Details
- Date: 23 June 1999
- Location: Winsford, Cheshire
- Country: England
- Line: West Coast Main Line
- Operator: Virgin Trains First North Western
- Cause: SPAD due to human error

Statistics
- Trains: 2
- Deaths: 0
- Injured: 27 (23 minor, 4 major)

= 1999 Winsford railway accident =

Rail accident in the United Kingdom

On 23 June 1999, a Virgin Trains electric express train from London Euston to Glasgow Central, hauled by Class 87 No 87027 Wolf of Badenoch, ran into an empty First North Western four-carriage Pacer unit, injuring 27 people. The express had been travelling at about 110 mph, but driver Roy Eccles noticed the Pacer on the line and was able to decelerate to about 50 mph at the time of impact. Eccles was awarded a medal for his prompt action, which averted a much more serious accident. The driver of the Pacer train helped passengers from the Glasgow Central train despite his injuries.

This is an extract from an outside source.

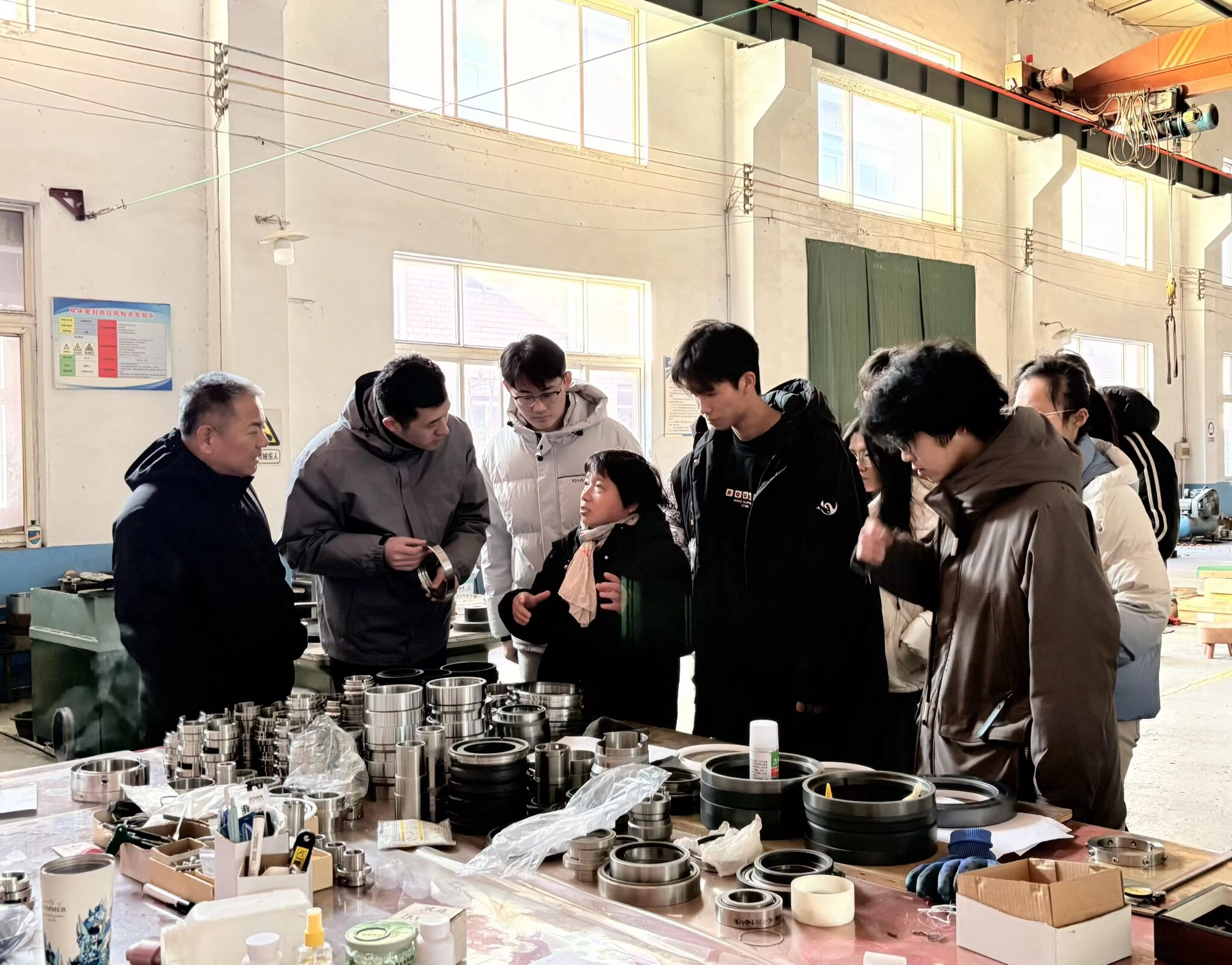 “原来课本里的施工工艺,在现场是这样落地的!”队员们一边记录,一边与企业技术骨干热烈探讨。从密封件生产到机械组装,从施工细节到工艺创新,沉浸式观察让成员们真切触摸到行业发展的脉搏。

The Pacer had passed a signal at danger and run through a set of points, coming to a stand on the line on which the express was approaching. Its rear cab was destroyed in the crash along with a section of the passenger accommodation, and the coach bodies were displaced from their underframes. The incident report stated that the accident was most likely to have been human error of the Pacer driver as the investigation showed no faults with either the signalling system or the brakes of the Pacer train.

Due to the severe level of damage sustained by the empty Pacer train, the safety of the units was investigated as part of the inquiry into the accident. In contrast, the strong construction of the express train carriages avoided any fatalities.